Nils Muižnieks, Amnesty International’s Europe Director said in a Wednesday statement that the decision to refuse Assange’s bail application “renders his ongoing detention ‘arbitrary,’ and compounds the fact that he has endured punishing conditions in high security detention at Belmarsh prison for more than a year.”

Muižnieks added that it was “clear” that Assange should have not been jailed pending extradition in the first place, saying that the charges against him are “politically motivated, and the UK government should never have so willingly assisted the US in its unrelenting pursuit of Assange.”

“The US government is behaving as if they have jurisdiction all over the world to pursue any person who receives and publishes information about government wrongdoing.

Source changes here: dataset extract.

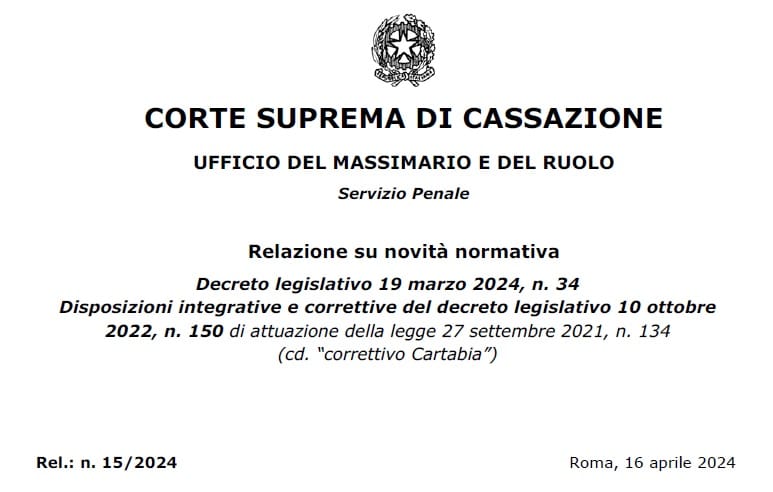 Segnaliamo ai lettori, in merito ai cd. “correttivi” alla riforma Cartabia, la relazione dell’Ufficio del Massimario e del Ruolo della Corte di cassazione – redattore il dott. Aldo Natalini – avente ad oggetto il Decreto legislativo 19 marzo 2024, n. 31 (“Disposizioni integrative e correttive del decreto legislativo 10 ottobre 2022, n. 150 di attuazione della legge 27 settembre 2021, n. 134“).

Today’s decision seems intended to send a message that British justice will not stand in their way.”

Lawyers for the US government have argued that by publishing the diplomatic cables in an unredacted form, Assange had put the lives of sources and informants in “immediate” danger, and damaged the capabilities of US forces carrying out operations abroad.

“Reporting or journalism is not a license for criminality,” James Lewis, Counsel for the US government told the court last year.